■ TASK DESCRIPTION ■
For the copy, please give all of the data again exactly and leave the pictures out.

___ INPUT DATA ___

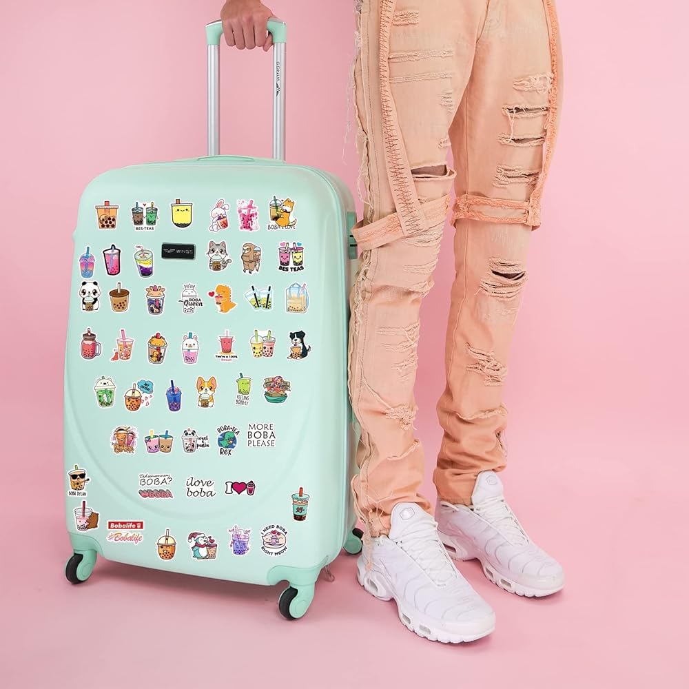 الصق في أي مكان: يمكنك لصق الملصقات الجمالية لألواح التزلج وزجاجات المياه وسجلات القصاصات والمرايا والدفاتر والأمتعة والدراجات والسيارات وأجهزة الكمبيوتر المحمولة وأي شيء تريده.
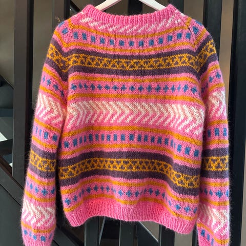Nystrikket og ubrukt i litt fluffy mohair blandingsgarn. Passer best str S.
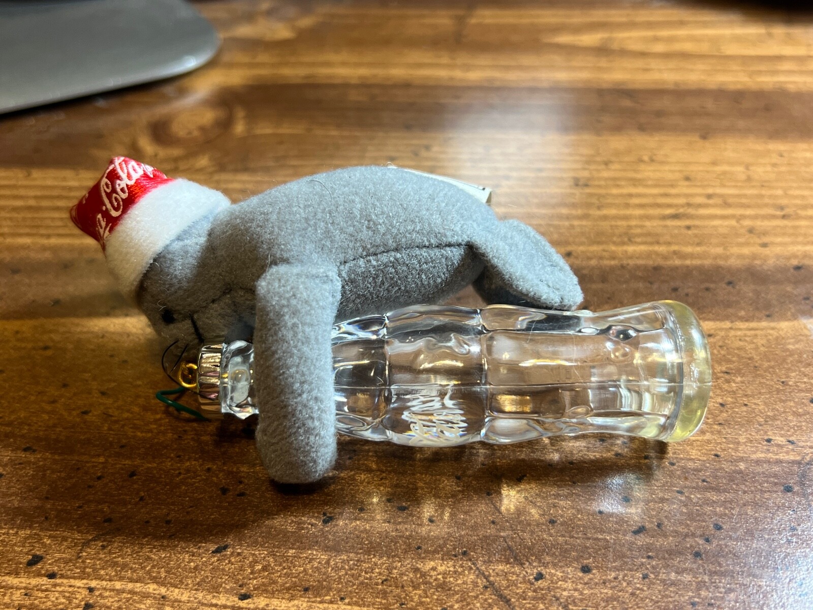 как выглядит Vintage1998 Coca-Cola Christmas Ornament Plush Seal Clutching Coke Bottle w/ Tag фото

___

■ TASK SOLUTION ■
 الصق في أي مكان: يمكنك لصق الملصقات الجمالية لألواح التزلج وزجاجات المياه وسجلات القصاصات والمرايا والدفاتر والأمتعة والدراجات والسيارات وأجهزة الكمبيوتر المحمولة وأي شيء تريده.
Nystrikket og ubrukt i litt fluffy mohair blandingsgarn. Passer best str S.
 как выглядит Vintage1998 Coca-Cola Christmas Ornament Plush Seal Clutching Coke Bottle w/ Tag фото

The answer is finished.